3.1. Experiment Design and Environment

The proposed framework was applied to the GF-1 imagery data of the Miyun Reservoir pilot area in Beijing spanning from 2014 to 2021 to verify its usability and advantages in terms of data storage and management and application analysis. The experiments were conducted on a PC with an Intel Core i7-8700 processor, 16 GB RAM, and a 13 TB hard disk running the Ubuntu 20.04 operating system, with PostgreSQL 12.4 installed to store the location information and auxiliary information of metadata and imagery data.

3.2. Study Area and Data

The Miyun Reservoir and its drainage basin in the northeastern of the Miyun District, Beijing, were selected as the study area, as shown in Figure 4a. As the largest reservoir in Beijing, the main functions of the Miyun Reservoir include flood control, water supply, and water exchange for urban lakes. The upstream area of the reservoir has a continental monsoon climate with an average annual temperature of 6 °C to 10 °C and average annual precipitation of 500 mm to 700 mm. The annual precipitation distribution is very uneven, with precipitation in July and August accounting for 70% of the annual total, mostly in the form of heavy rainfall [44]. Providing 80% of Beijing’s urban water supply, the water quality of the Miyun Reservoir is particularly important. The drainage basin of the reservoir is a remote and mountainous area with severe soil erosion. Therefore, monitoring the vegetation coverage information and water body coverage information with the GF-1 data could inform the development of effective measures to improve the ecological environment of the reservoir basin in the future [40]. Moreover, as the only surface drinking water source in Beijing, the water demand and water quality of the Miyun reservoir have direct effects on people’s living and the sustainable development of the economy [45].
The GF-1 satellite data processed in this paper were received for 10 years since April 2013. GF-1 WFV sensor data include four multispectral bands (red, green, blue, and NIR), with a spatial resolution of 16 m and a time revisit period of 4 days. The large-field-of-view, multispectral detection data from the GF-1 16 m medium-resolution camera can be used to monitor NDVI, NDWI, and other indices. The Miyun Reservoir as the study area of this paper is shown in Figure 4a, and the GF-1 data covering the Miyun Reservoir are presented in Figure 4b, which are organized and stored as scenes. On the basis of the proposed framework and GF-1 imagery data covering the study area from June to October in each year from 2014 to 2021, the normalized difference vegetation index (NDVI) [46] and normalized difference water index (NDWI) [47,48] were calculated to investigate the spatial and temporal dynamics of vegetation and water bodies in and around the Miyun Reservoir.

3.3. Experimental Results

3.3.1. Comparative Analysis of Time Efficiency for the Two Strategies

To evaluate the computational time efficiency of the two data organization strategies based on ODC grid and scene, we recorded the time consumption and time efficiency improvement of the two strategies for calculating NDVI and NDWI, as shown in Figure 5. The red bars and green bars in Figure 5a indicate the time consumption of the ODC grid- and scene-based approaches for calculating NDVI. The red bars and green bars in Figure 5b indicate the time consumption of the ODC grid- and scene-based approaches for calculating NDWI. The curves in Figure 5c,d show the time efficiency improvement of the ODC grid-based approach over the scene-based approach for calculating NDVI and NDWI, respectively. Taking the year 2015 as an example, it took 41.2 s to calculate NDVI with the ODC grid-based approach and 65.18 s with the scene-based approach, i.e., the proposed framework improved the time efficiency by 58.2%. According to the trends of the bars in Figure 5a,b and the time efficiency improvement curves in Figure 5c,d, the time complexity of calculating NDVI and NDWI was consistent. Therefore, the ODC grid-based framework was more efficient than the scene-based approach in terms of NDVI and NDWI calculation in the study area.

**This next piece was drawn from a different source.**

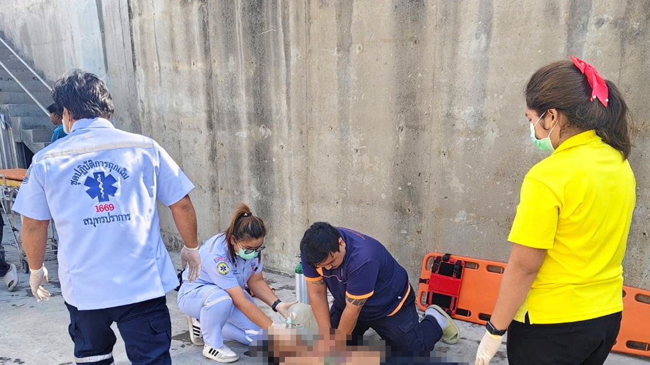 กู้ภัยพยายามปั๊มหัวใจแรงงานชาวเมียนมา ลงไปซ่อมบ่อบำบัดน้ำเสียโรงงานฟอกหนัง ต.บางปูใหม่ อ.เมืองสมุทรปราการ สูดแก๊สพิษหมดสติก้นบ่อ 4 ราย สุดท้ายยื้อไม่ไหวเสียชีวิต 1 ศพ สาหัส 1 ราย ส่วนอีก 2 รู้สึกตัวแล้ว.
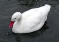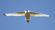 Male coscoroba swans weigh 3.8–5.4 kg (8.4–11.9 lb) and females weigh 3.2–4.5 kg (7.1–9.9 lb). The length is from 87.5 to 115 cm (34.4 to 45.3 in) and the wingspan is 155 to 160 cm (61 to 63 in).[3] They have white plumage except for black tips to the outer six primary feathers, although this black is often barely visible on the closed wing. In flight, the black wing tips are conspicuous. The bird has a red beak, legs and feet. They look somewhat more like geese than swans. The female looks almost identical to the male. The cygnet is a patchy color, with brown and gray hues. The coscoroba swan lacks the patch of bare skin between the eyes and beak typical of swans. They look like a very small swan in body and look like a goose in the head. Eggs measure 89 X 61 mm, with averages of 82 to 94 53 to 67 mm, with an average weight of 170 grams and range from 129 to 203 grams

3.3.2. Comparative Analysis of Memory Efficiency for the Two Strategies

To evaluate the memory efficiency of the two data organization strategies based on the ODC grid and scene [49], we recorded the memory consumption and memory efficiency of the two strategies for calculating NDVI and NDWI, as shown in Figure 6. The red bars and green bars in Figure 6a indicate the memory consumption of the ODC grid- and scene-based approaches for calculating NDVI. The red bars and green bars in Figure 6b indicate the memory consumption of the ODC grid- and scene-based approaches for calculating NDWI. The curves in Figure 6c,d show the memory efficiency improvement of the ODC grid-based approach over the scene-based approach for calculating NDVI and NDWI, respectively. As shown in Figure 6a,b, the ODC grid-based approach consumed less memory than the scene-based approach. Taking the year 2016 as an example, it took 531.9 MB of memory to calculate NDVI with the ODC grid-based approach and 843.2 MB with the scene-based approach, i.e., the proposed framework improved the memory efficiency by 58.5%. According to the curves in Figure 6c, d and their trends, the space complexity for calculating NDVI and NDWI was consistent. Therefore, the ODC grid-based framework consumed less memory than the scene-based approach in terms of NDVI and NDWI calculation in the study area.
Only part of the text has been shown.